LocalLLMProvider (Ollama)

Provider for local models via Ollama. Useful for offline development or models not supported by the other providers:

import { LocalLLMProvider } from '@webmcp-auto-ui/agent';

const provider = new LocalLLMProvider({
  backend: 'ollama',
  model: 'llama3.2',
  baseUrl: 'http://localhost:11434',
});

Factory

createProvider instantiates the right provider based on configuration:

import { createProvider } from '@webmcp-auto-ui/agent';

const claude = createProvider({ type: 'remote', model: 'sonnet', proxyUrl: '/api/chat' });
const gemma = createProvider({ type: 'wasm', model: 'gemma-e4b' });
const ollama = createProvider({ type: 'local', model: 'llama3.2', baseUrl: 'http://localhost:11434' });

`<LLMSelector>` Component

The selector unifies all three providers in a single Svelte UI component.
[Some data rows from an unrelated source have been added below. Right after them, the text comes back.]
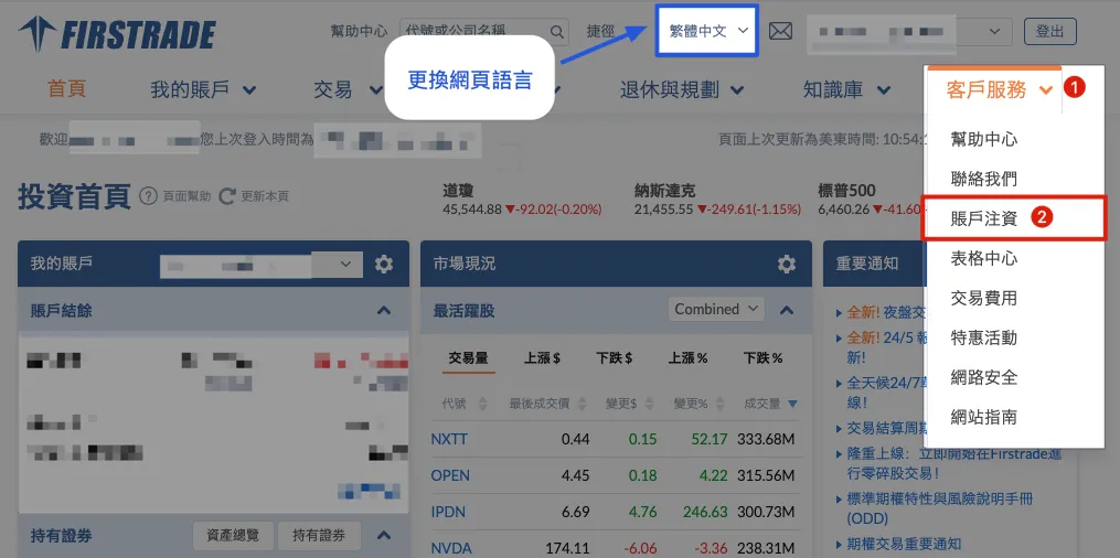 (请使用电脑版) 登入 Firstrade 后选择:
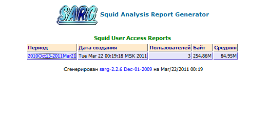 После того как утилита закончит работу набираем в браузере http://10.0.0.1/squid-reports, вы должны увидеть следующую страницу:
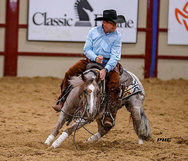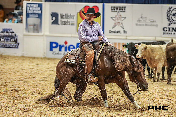 2022 NCHA Futurity Open Semi-Finalist riding Sniperr
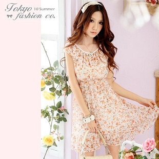 New ใหม่ค่ะ Tokyo Fashion ชุดเดรสแฟชั่นเกาหลีคอระบายชั้นๆผ้าชีฟองสีขาวลายดอกไม้สีฟ้าส้มติดยางยืดเอว
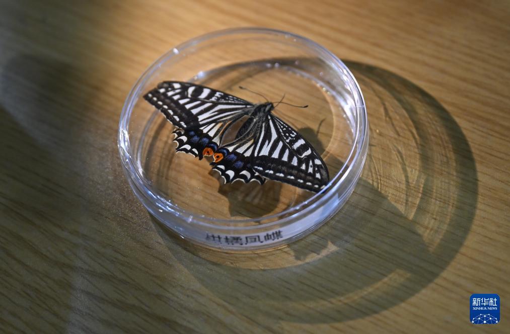 2月2日,在重慶大學深空探測聯合研究中心,現場展示的柑橘鳳蝶標本。新華社記者 陳誠 攝

It displays available models and handles Gemma loading via <ModelLoader>:

<script>
  import { LLMSelector, ModelLoader } from '@webmcp-auto-ui/ui';

  let selectedModel = $state('sonnet');
</script>

<LLMSelector bind:value={selectedModel} />
{#if selectedModel.startsWith('gemma')}
  <ModelLoader model={selectedModel} />
{/if}

Tool Layers

Each layer represents a server (MCP or WebMCP). This abstraction lets the dispatcher route calls transparently regardless of protocol.

interface ToolLayer {
  protocol: 'mcp' | 'webmcp';
  serverName: string;
  description?: string;
  tools: WebMcpToolDef[] | McpToolDef[];
}

graph TB
    subgraph "Tool Layers"
        L1["Layer 1: autoui (WebMCP)<br/>widget_display, canvas, recall"]
        L2["Layer 2: weather (MCP)<br/>get_forecast, list_cities"]
        L3["Layer 3: database (MCP)<br/>query, list_tables"]
    end

    subgraph "Dispatcher"
        D[Prefix-based routing]
    end

    L1 --> D
    L2 --> D
    L3 --> D

    D -->|webmcp| LOCAL[Local execution]
    D -->|mcp| REMOTE[Network call via SSE]
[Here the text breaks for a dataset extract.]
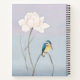Artwork based off of vintage Japanese print (housed at Rijksmuseum) featuring a colourful and cute kingfisher sitting on a branch, a big light pink lotus flower and a river at sunset. Custom name written in hieroglyph-like font. Watercolor. Hazy background with perfectly seen vintage paper texture. Blue, lilac, grey, pink, emerald green, orange, golden yellow, sapphire blue. Very cute and romantic gift for someone who loves birds or vintage Japanese paintings.
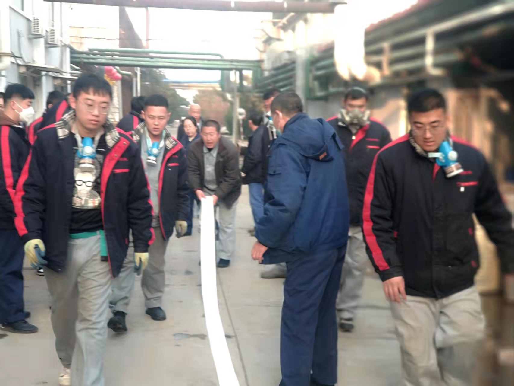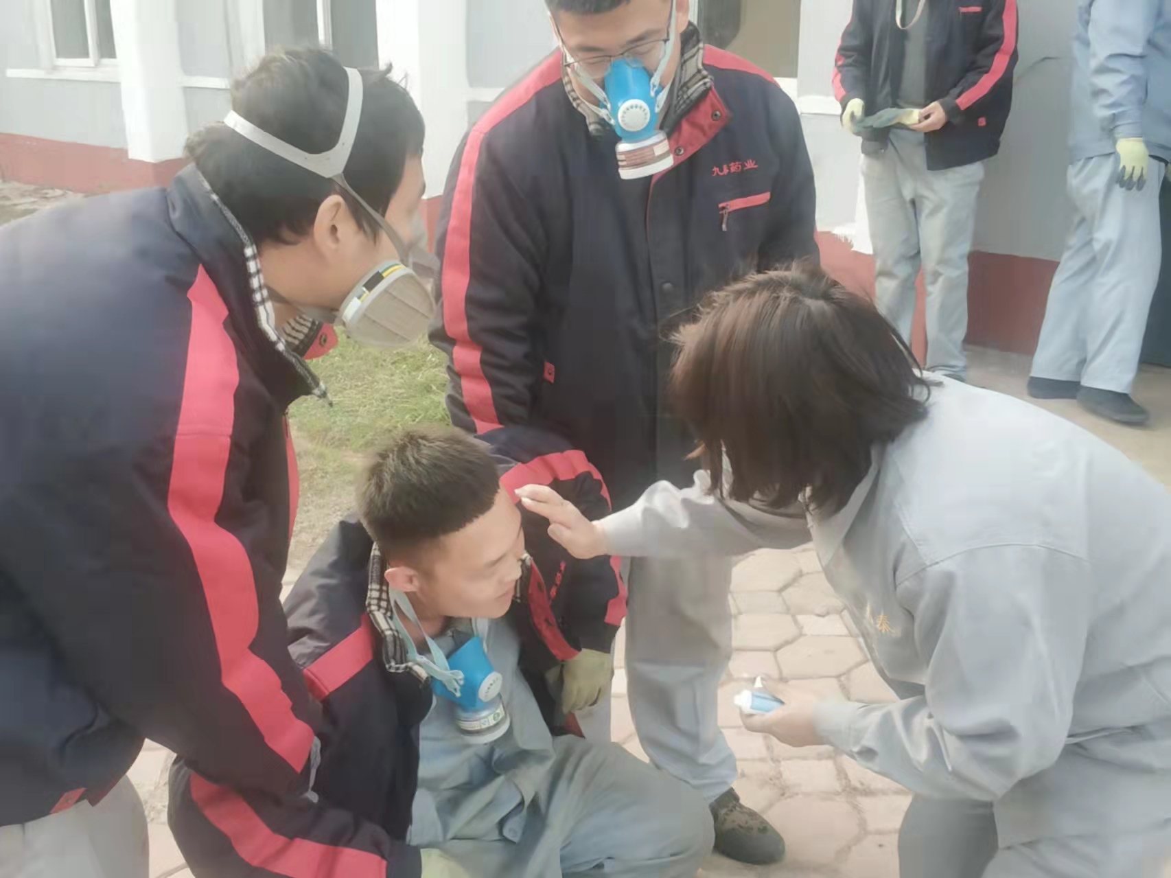 演練模擬原料車間合成一室發(fā)生火災(zāi)爆炸,車間立即啟動應(yīng)急預(yù)案,進(jìn)行實際演練。

Why layers? To discover tools progressively. Instead of loading hundreds of tools at startup (which would saturate the LLM context), each layer is activated on demand.
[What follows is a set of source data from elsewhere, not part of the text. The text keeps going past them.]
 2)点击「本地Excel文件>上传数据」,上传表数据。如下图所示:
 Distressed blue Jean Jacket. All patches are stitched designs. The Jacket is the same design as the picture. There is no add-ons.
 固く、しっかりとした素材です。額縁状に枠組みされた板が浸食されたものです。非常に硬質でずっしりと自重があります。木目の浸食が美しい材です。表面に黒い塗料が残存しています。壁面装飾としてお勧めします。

Phase 1: Discovery (Startup)

At launch, only discovery tools are available:

const discoveryTools = buildDiscoveryToolsWithAliases(layers);

These tools let the agent explore what is available without activating servers:

Tool	Role
`{server}_{proto}_search_recipes(query)`	Search for a recipe by keyword
`{server}_{proto}_list_recipes()`	List all recipes
`{server}_{proto}_get_recipe(name)`	Load a full recipe (schema, examples)
`{server}_{proto}_search_tools(query)`	Search for a tool by name or description
`{server}_{proto}_list_tools()`	List a server’s tools

Phase 2: Activation (Lazy Loading)

When the agent calls a real (non-discovery) tool for the first time:

if (!activatedServers.has(serverKey)) {
  activatedServers.add(serverKey);
  const layer = layers.find(l => l.serverName === serverName);
  activeTools = activateServerTools(activeTools, layer);
  // All server tools become available
}

Activation is irreversible within a session: once a server is activated, all its tools remain available until the conversation ends.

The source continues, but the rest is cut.